Au lit, le baiser“: amore ingenuo di Toulouse- Lautrec

Uno specchio d’acqua, quel riflesso particolare e il colore di quelle foglie ottobrine sono lì attualmente e rispecchiano l’animo inquieto e in continuo processo di cambiamento involontario della mente di Goethe. È l’uomo con la sua capacità di amare a proiettare fuori di sé quello che è il proprio stano d’animo burrascoso, talmente tanto in ripida discesa febbrilmente eccitata da piombare improvvisamente in un’apatia sconcertante. Sembra un quadro di Toulouse-Lautrec l’amore di Werther per la bella Charlotte soprannominata Lotte, un’infatuazione genuina (che pian piano evolve in quella passione erotica che tanto bene il pittore francese saprà dipingere nei quadri successivi). Ma quella figura venerata rimane laggiù, senza mai essere raggiunta per davvero, occupata a destreggiarsi tra le vie campagnole, tanto è irraggiungibile lei e incredibilmente netto e senza via di fuga è quel rifiuto dapprima silenzioso e poi sempre più palese e presente nelle vibranti ore nottambule sul finir del crepuscolo.

Ho voluto ascoltare
la sera respirare fresca,
gli alberi neri di temporale –
dico: gli alberi neri, di temporale –
poi le zanzare, lamentose,
i ruvidi passi di contadini,
le campane echeggianti lontano.
Volevo sentire gli alberi in regata
e vedere un mondo sorprendente.
Le zanzare cantavano come fili metallici in paesaggio invernale,
ma il grande uomo nero ruppe loro i suoni delle corde.
La città eretta stava davanti a me fredda nell’acqua

Charlotte: sfinge sfuggente inseguita dal giovane Werther

Non vi è via di fuga, lo stravolgimento tempestoso “tempesta e impeto” di quel movimento come nella poesia Sera bagnata di Schiele, e la natura non è altro che il tramonto dapprima iracondo e poi desolato di un sentimento che, sempre meno potente nel suo fievole candore estasiato, sir assegna sempre più su se stesso.
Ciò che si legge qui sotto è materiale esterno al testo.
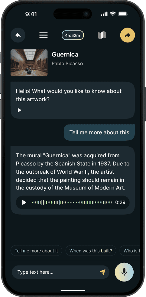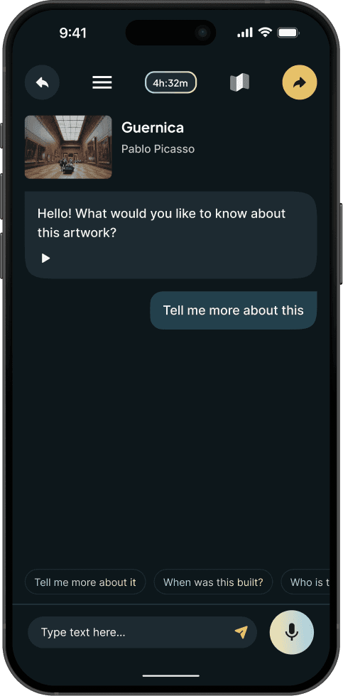 Visitors can ask questions like “Tell me more about this painting” or “Who is the artist?”, and the AI responds instantly.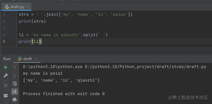 strs = ' '.join(['my', 'name', 'is', 'peiqi'])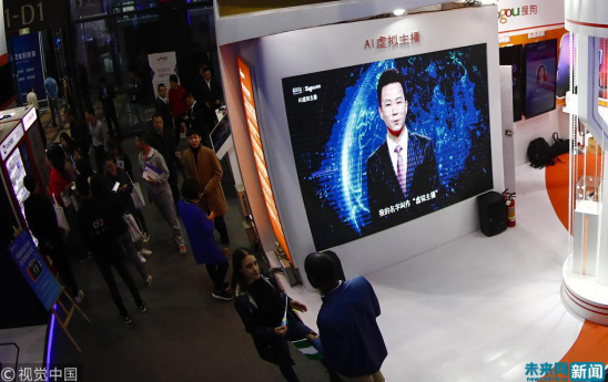 新华社联合搜狗7日在第五届世界互联网大会上发布全球首个合成新闻主播——“AI合成主播”,运用最新人工智能技术,“克隆”出与真人主播拥有同样播报能力的“分身”。这不仅在全球AI合成领域实现了技术创新和突破,更是在新闻领域开创了实时音视频与AI真人形象合成的先河。图据视觉中国

Dunque quella di Goethe è una natura nemmeno pennellata da temporali o scrosci improvvisi di gialli sfracellanti il nero plumbeo della rabbia, bensì colori tenui, dapprima luccicanti di speranza e poi semplicemente sempre più scoloriti e spenti: un ramo senza foglie, un tramonto senza sole, quasi opacità totale. In maniera meno rassegnata e più distaccata dal sentimentalismo di quegli anni, si innamorerà di una vera Charlotte da Weimar, che ricambierà Goethe, il quale le dedicherà liriche e ballate. A ventisei anni inizierà anche la stesura del Faust.
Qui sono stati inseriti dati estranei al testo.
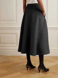 EDITORS'NOTES ROHE's skirt will look so chic for winter styled with knee boots and a sweater. It's made from recycled wool-blend felt and has a full A-line shape that folds softly through its length. SIZE & FIT Model measurements: - Fits true to size, take your normal size - Midi-length, designed to be worn just below the natural waist - Mid-weight, non-stretchy fabric - Model is 175cm/ 5'9" and is wearing a FR 36 - Bust: 81cm/ 32" - Waist: 64cm/ 25" - Hip: 89cm/ 35" DETAILS & CARE - Anthracite recycled wool-blend felt - Concealed hook and zip fastening at back - 75% recycled wool, 25% recycled polyamide - Designer color: Anthracite Melange

Se la mattina non ci disvela nuove allegrie e, se per la notte non coltiviamo nessuna speranza, a che vale la pena vestirsi e spogliarsi?
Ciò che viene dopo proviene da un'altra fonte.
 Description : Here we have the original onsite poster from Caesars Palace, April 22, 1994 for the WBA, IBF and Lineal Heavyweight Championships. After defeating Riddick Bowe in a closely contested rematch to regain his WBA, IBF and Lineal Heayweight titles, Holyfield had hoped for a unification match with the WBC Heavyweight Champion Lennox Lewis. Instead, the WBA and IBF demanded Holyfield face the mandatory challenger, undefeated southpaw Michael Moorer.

Nonostante il cambio di stile, la Natura manterrà la visione panteistica, che oltre a permettere la proiezione degli stati interni, mette letteralmente “in comunicazione con Dio”. Sia nel Faust che negli altri scritti emerge la teoria dei colori da Goethe stessa teorizzata: analogamente agli studi infantili di quella luce filtrante dai colori, tutto è una contrapposizione tra bianco e nero, tra lampi chiari e improvvisi e tutt’altro che placidi iracondi sprazzi neri. La vita è un equilibrio tra questi, con infinite variazioni e schizzi prevalenti infinitamente birichini tra un sentimento e l’altro.